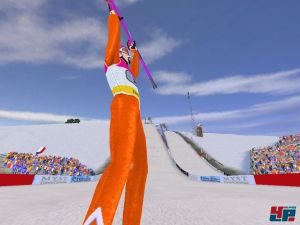 An der recht bunten 3D-Grafik fällt vieles negativ auf, allen voran die ungelenken Animationen der Springer selbst. Beim Sturz etwa rutscht der gute Mann kilometerweit steif und ohne sich zu bewegen, richtet sich dann seltsam auf, nur um zu winken, als ob nichts passiert wäre. Verzeihlich ist bei den polnischen Entwicklern eher, dass manch eine der Nationalflaggen nicht stimmt. Unverzeihlich hingegen wie diese wie Blechplatten im Wind „flattern“. Grafikfehler sind ebenfalls zur Genüge zu beobachten. Unscharf sehen die mit hässlicher Pünktchenschrift versehenen Menüs aus, die es nur in 800×600 gibt. Die Schanzen sind im Wesentlichen korrekt dargestellt, stehen aber von Norwegen bis Japan in immer der gleichen winterlichen Berglandschaft.
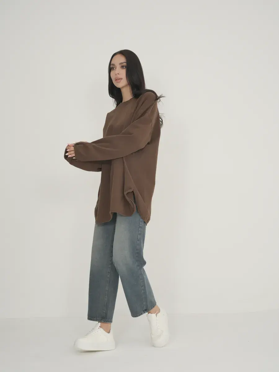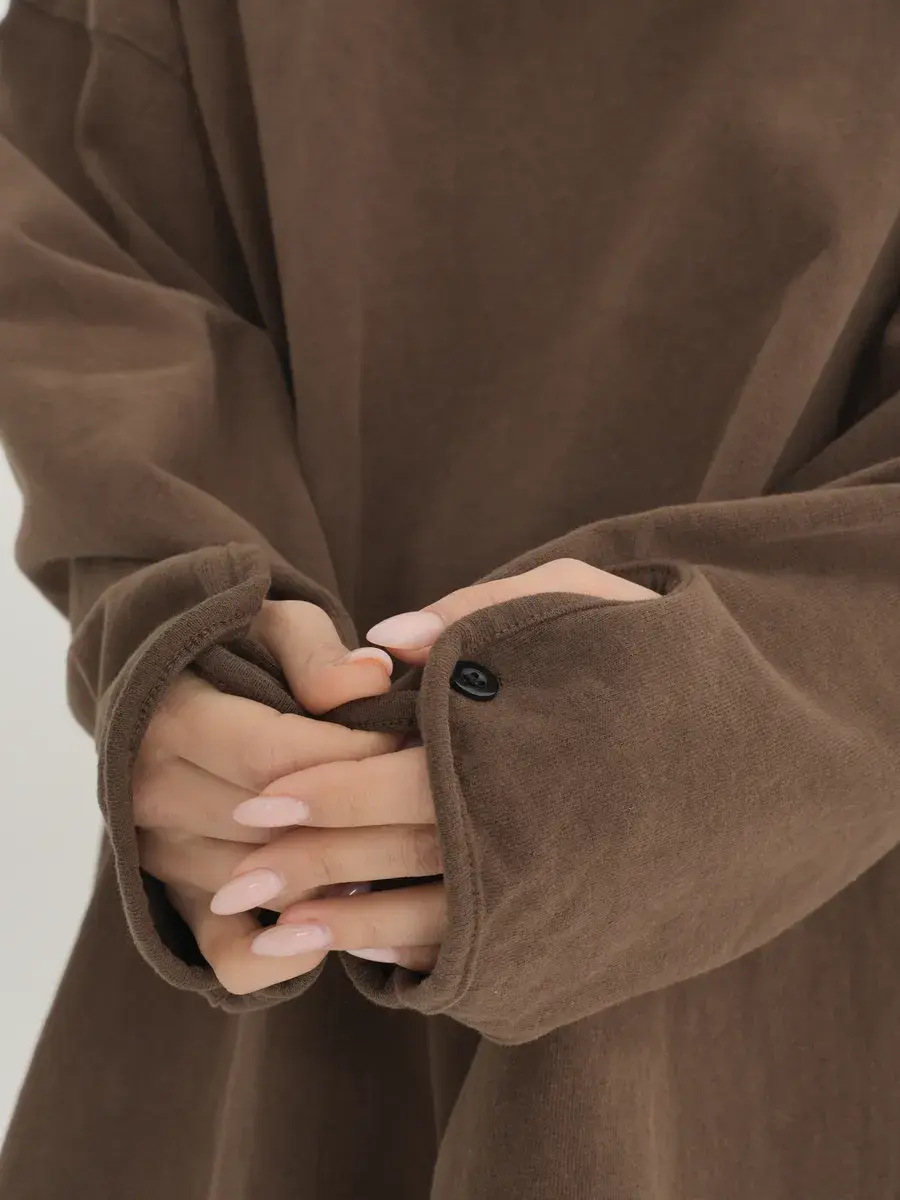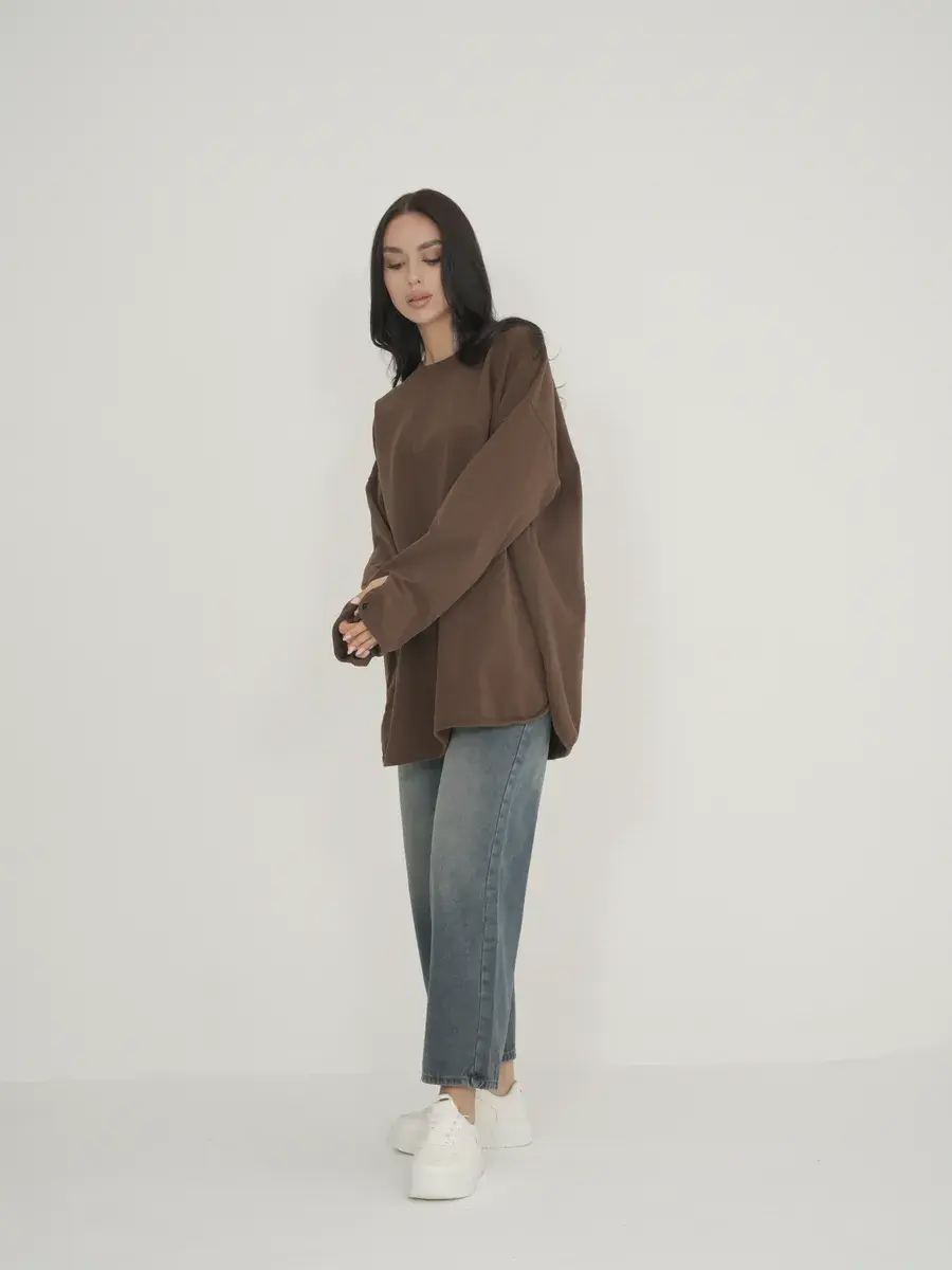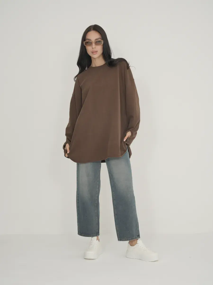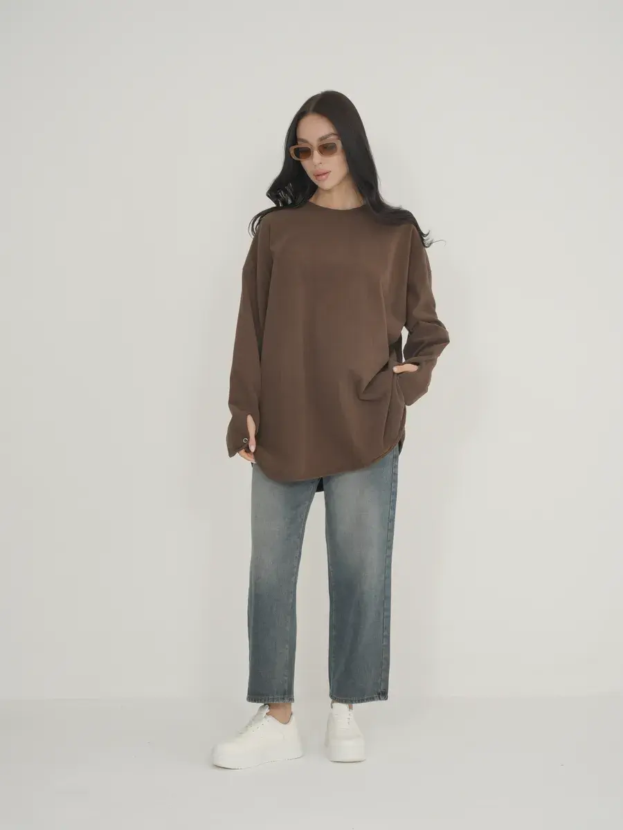 Эластан (5%): Добавляет эластичность и форму, позволяя лонгливу хорошо сидеть на фигуре и не терять форму после стирки.
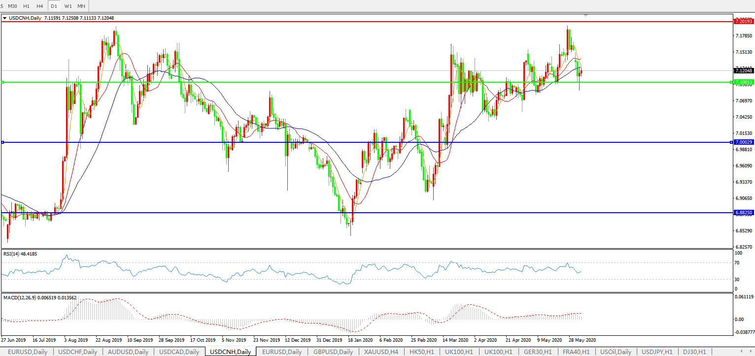 交易策略: 在7.1000之上,看涨,目标价位为7.2000,然后为7.3000。
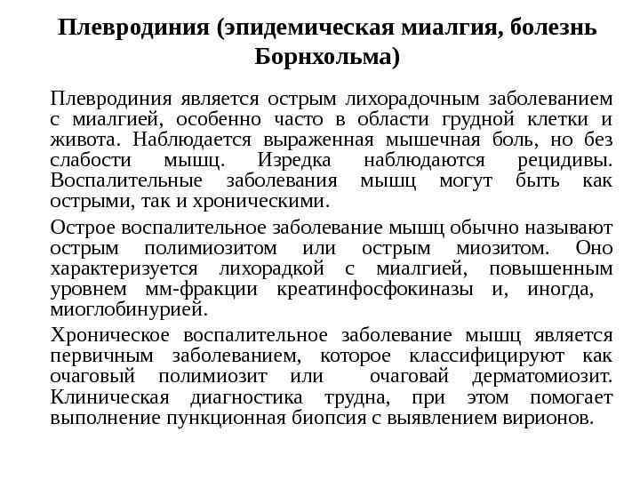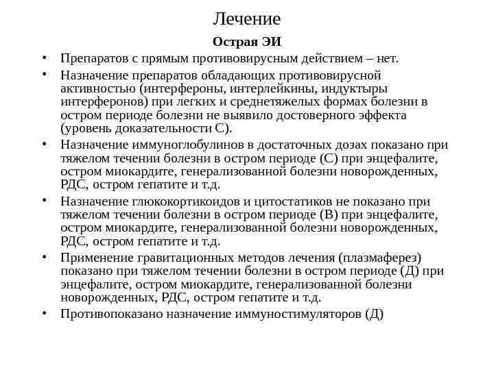 Клинические синдромы, наблюдающиеся при энтеровирусных инфекциях неполиомиелитной этиологии Вирусы Коксаки В • Плевродиния • Серозный менингит, менингоэнцефалит • Параличи (редкие случаи) • Тяжёлая системная инфекция новорожденных • Миокардит • Заболевание верхних дыхательных путей • Экзантема • Гепатит • Лихорадка
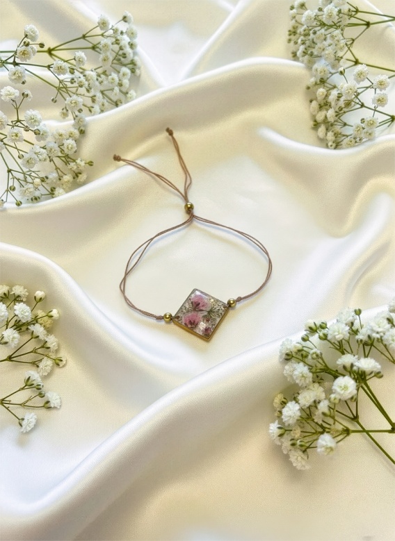 Ręcznie robiona bransoletka na beżowym jedwabnym sznurku z zatopionymi kwiatami gipsówki i dzikiej marchwi to wyjątkowy dodatek dla kobiet, które cenią naturalną elegancję i unikalny charakter biżuterii tworzonej z prawdziwych roślin. Każdy element został wykonany ręcznie, dzięki czemu każda bransoletka jest absolutnie niepowtarzalna — różni się układem kwiatów i subtelnymi detalami zamkniętymi w żywicy.
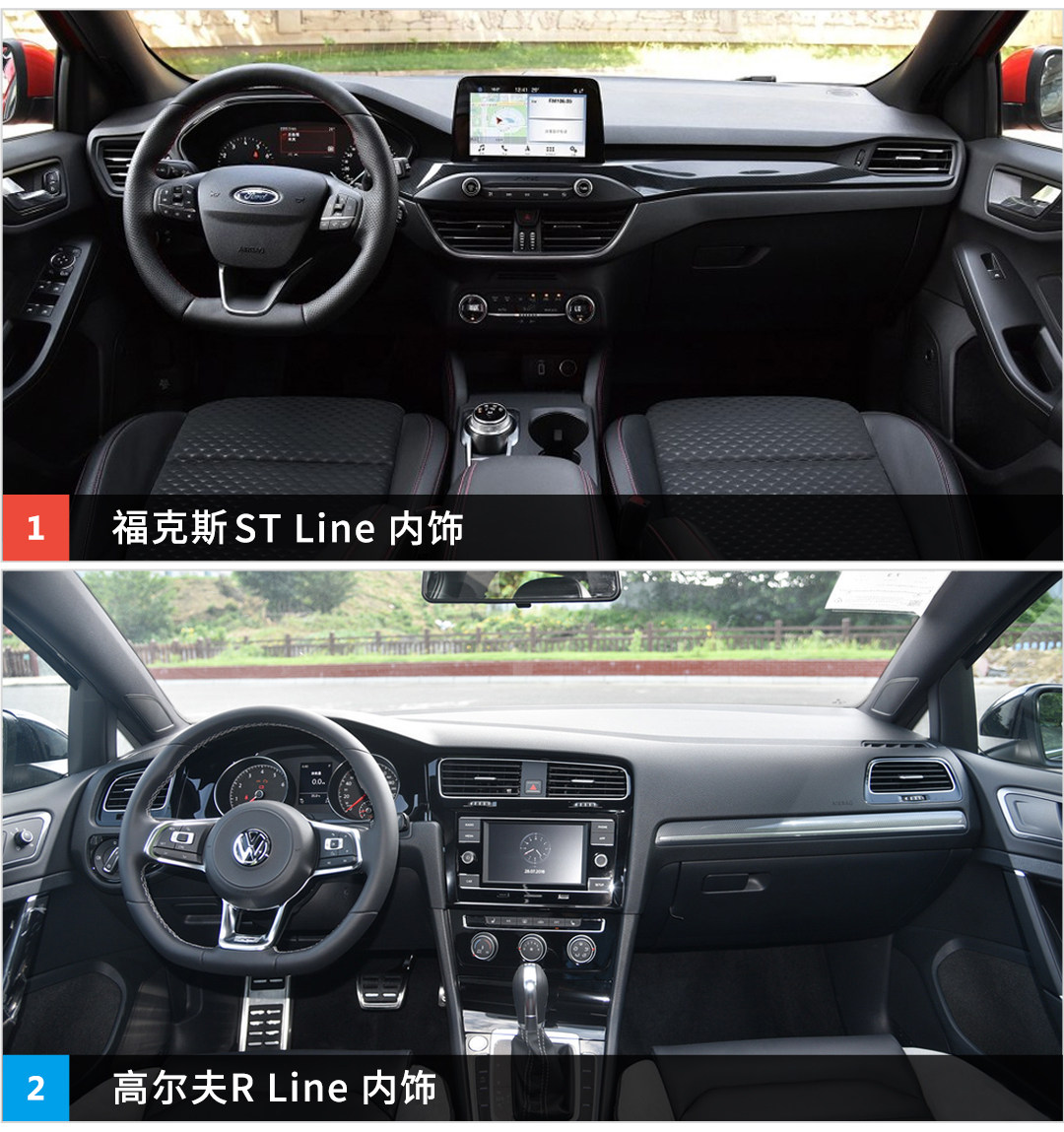 另外,福克斯ST Line和高尔夫R-Line的内饰也有专属的设计,比如专属的标识或运动座椅,又比如福克斯ST Line的红色缝线,或高尔夫R-Line的翻毛皮拼接座椅等。
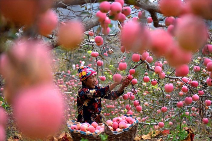 Сбор урожая яблок в уезде Юань, провинция Шаньдун, Китай. (Фото Zhao Dongshan):
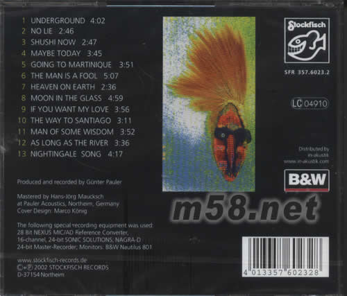 1.UNDERGROUND 2.NO LIE 3.SHUSHI NOW 4.MAYBE TODAY 5.GOING TO MARTINIQUE 6.THE MAN IS A FOOL 7.HEAVEN ON EARTH 8.MOON IN THE GLASS 9.IF YOU WANT MY LOVE 10.THE WAY TO SATIAGO 11.MAN OF SOME WISDOM 12.AS LONG AS THE RIVER 13.NIGHTINGALE SONG
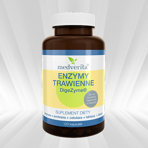 DigeZyme® to kompleks 5 enzymów trawiennych nie będących pochodzenia zwierzęcego, a uzyskanych za pomocą procesu fermentacji. Ten wieloenzymatyczny kompleks jest produktem firmy Sabinsa Corporation, którego jakość została potwierdzona licznymi badaniami klinicznymi.
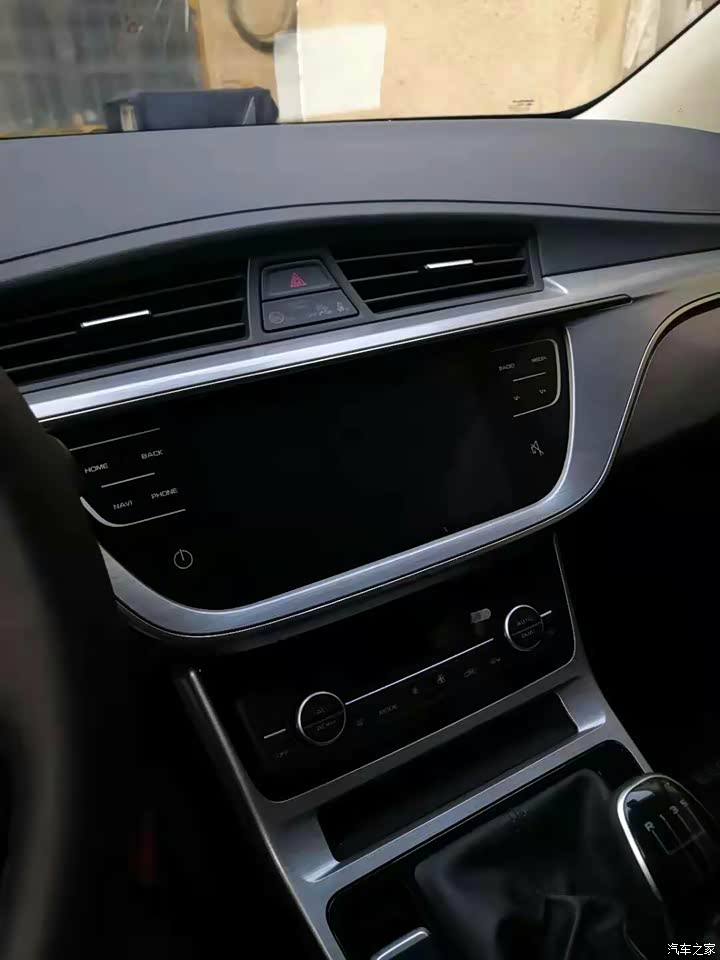 中控台是黑色和银色的,座椅是全黑的,该有的都有。我也很喜欢这个显示屏,旁边有触屏按钮,可以收听广播。
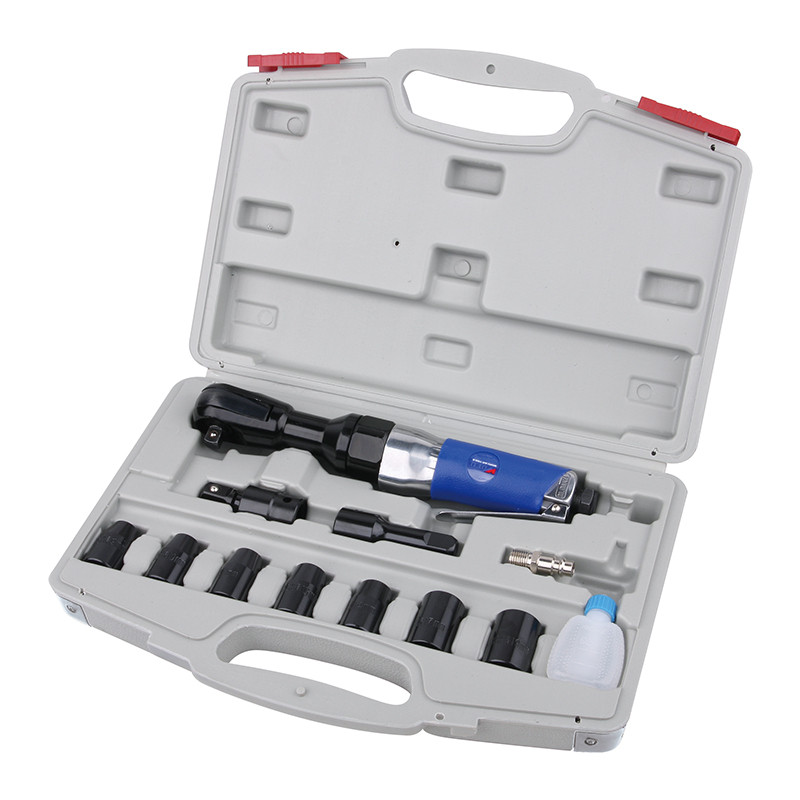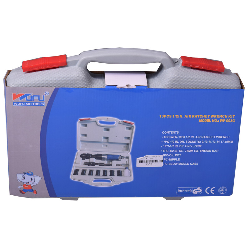 کمپانی ووفو یکی از قدیمی ترین و بهترین سازنده های ابزارآلات بادی در کشور چین به شمار می رود که کار خود را از سال 1979 آغاز نموده است . ظرفیت تولید این کارخانه به بالای 12 میلیون دستگاه در سال می رسد . به دلیل کیفیت ساخت بالا و قیمت مناسب این شرکت توانسته است اکثر محصولات خود را به قاره های آمریکا ، اروپا ؛ آسیا و استرالیا صادر نماید . مجموعه 13 عددی آچار جغجغه ای بادی ووفو مجموعه ای کامل از جغجغه بادی و سری های بکس فشار قوی با درایو 1.2 می باشد تا شما را در برابر هرگونه چالشی موفق سازد . این مجموعه از 7 سری بکس سایز 9 تا 19 ، رابط بکس فشار قوی ، رابط لقلقه ای ، روغن و کوپلینگ تشکیل شده است . بکس بادی جغجغه ای استفاده شده در این مدل از سری heavy duty می باشد که از قدرت بالایی برخوردار است و آن را به گزینه ای مناسب جهت کارهای سنگین و نیمه سنگین صنعتی و همچنین مکانیکی تبدیل نموده است . تنظیم جهت چرخش (راست گرد و چپ گرد ) از طریق دکمه ای که در پشت بکس بادی جغجغه ای وجود دارد قابل انجام است . استفاده از سیستم رطوبت گیر و روغن زن برای کلیه ابزارهای بادی از جمله بکس بادی الزامی بوده و سبب دوام دستگاه و استحکام قطعات در بلند مدت می شود .

::::::::::

▶ Problem statement
Could you restate the material word for word, skipping any pictures it holds?

▶ Task result
 An der recht bunten 3D-Grafik fällt vieles negativ auf, allen voran die ungelenken Animationen der Springer selbst. Beim Sturz etwa rutscht der gute Mann kilometerweit steif und ohne sich zu bewegen, richtet sich dann seltsam auf, nur um zu winken, als ob nichts passiert wäre. Verzeihlich ist bei den polnischen Entwicklern eher, dass manch eine der Nationalflaggen nicht stimmt. Unverzeihlich hingegen wie diese wie Blechplatten im Wind „flattern“. Grafikfehler sind ebenfalls zur Genüge zu beobachten. Unscharf sehen die mit hässlicher Pünktchenschrift versehenen Menüs aus, die es nur in 800×600 gibt. Die Schanzen sind im Wesentlichen korrekt dargestellt, stehen aber von Norwegen bis Japan in immer der gleichen winterlichen Berglandschaft.
 Эластан (5%): Добавляет эластичность и форму, позволяя лонгливу хорошо сидеть на фигуре и не терять форму после стирки.
 交易策略: 在7.1000之上,看涨,目标价位为7.2000,然后为7.3000。
 Клинические синдромы, наблюдающиеся при энтеровирусных инфекциях неполиомиелитной этиологии Вирусы Коксаки В • Плевродиния • Серозный менингит, менингоэнцефалит • Параличи (редкие случаи) • Тяжёлая системная инфекция новорожденных • Миокардит • Заболевание верхних дыхательных путей • Экзантема • Гепатит • Лихорадка
 Ręcznie robiona bransoletka na beżowym jedwabnym sznurku z zatopionymi kwiatami gipsówki i dzikiej marchwi to wyjątkowy dodatek dla kobiet, które cenią naturalną elegancję i unikalny charakter biżuterii tworzonej z prawdziwych roślin. Każdy element został wykonany ręcznie, dzięki czemu każda bransoletka jest absolutnie niepowtarzalna — różni się układem kwiatów i subtelnymi detalami zamkniętymi w żywicy.
 另外,福克斯ST Line和高尔夫R-Line的内饰也有专属的设计,比如专属的标识或运动座椅,又比如福克斯ST Line的红色缝线,或高尔夫R-Line的翻毛皮拼接座椅等。
 Сбор урожая яблок в уезде Юань, провинция Шаньдун, Китай. (Фото Zhao Dongshan):
 1.UNDERGROUND 2.NO LIE 3.SHUSHI NOW 4.MAYBE TODAY 5.GOING TO MARTINIQUE 6.THE MAN IS A FOOL 7.HEAVEN ON EARTH 8.MOON IN THE GLASS 9.IF YOU WANT MY LOVE 10.THE WAY TO SATIAGO 11.MAN OF SOME WISDOM 12.AS LONG AS THE RIVER 13.NIGHTINGALE SONG
 DigeZyme® to kompleks 5 enzymów trawiennych nie będących pochodzenia zwierzęcego, a uzyskanych za pomocą procesu fermentacji. Ten wieloenzymatyczny kompleks jest produktem firmy Sabinsa Corporation, którego jakość została potwierdzona licznymi badaniami klinicznymi.
 中控台是黑色和银色的,座椅是全黑的,该有的都有。我也很喜欢这个显示屏,旁边有触屏按钮,可以收听广播。
 کمپانی ووفو یکی از قدیمی ترین و بهترین سازنده های ابزارآلات بادی در کشور چین به شمار می رود که کار خود را از سال 1979 آغاز نموده است . ظرفیت تولید این کارخانه به بالای 12 میلیون دستگاه در سال می رسد . به دلیل کیفیت ساخت بالا و قیمت مناسب این شرکت توانسته است اکثر محصولات خود را به قاره های آمریکا ، اروپا ؛ آسیا و استرالیا صادر نماید . مجموعه 13 عددی آچار جغجغه ای بادی ووفو مجموعه ای کامل از جغجغه بادی و سری های بکس فشار قوی با درایو 1.2 می باشد تا شما را در برابر هرگونه چالشی موفق سازد . این مجموعه از 7 سری بکس سایز 9 تا 19 ، رابط بکس فشار قوی ، رابط لقلقه ای ، روغن و کوپلینگ تشکیل شده است . بکس بادی جغجغه ای استفاده شده در این مدل از سری heavy duty می باشد که از قدرت بالایی برخوردار است و آن را به گزینه ای مناسب جهت کارهای سنگین و نیمه سنگین صنعتی و همچنین مکانیکی تبدیل نموده است . تنظیم جهت چرخش (راست گرد و چپ گرد ) از طریق دکمه ای که در پشت بکس بادی جغجغه ای وجود دارد قابل انجام است . استفاده از سیستم رطوبت گیر و روغن زن برای کلیه ابزارهای بادی از جمله بکس بادی الزامی بوده و سبب دوام دستگاه و استحکام قطعات در بلند مدت می شود .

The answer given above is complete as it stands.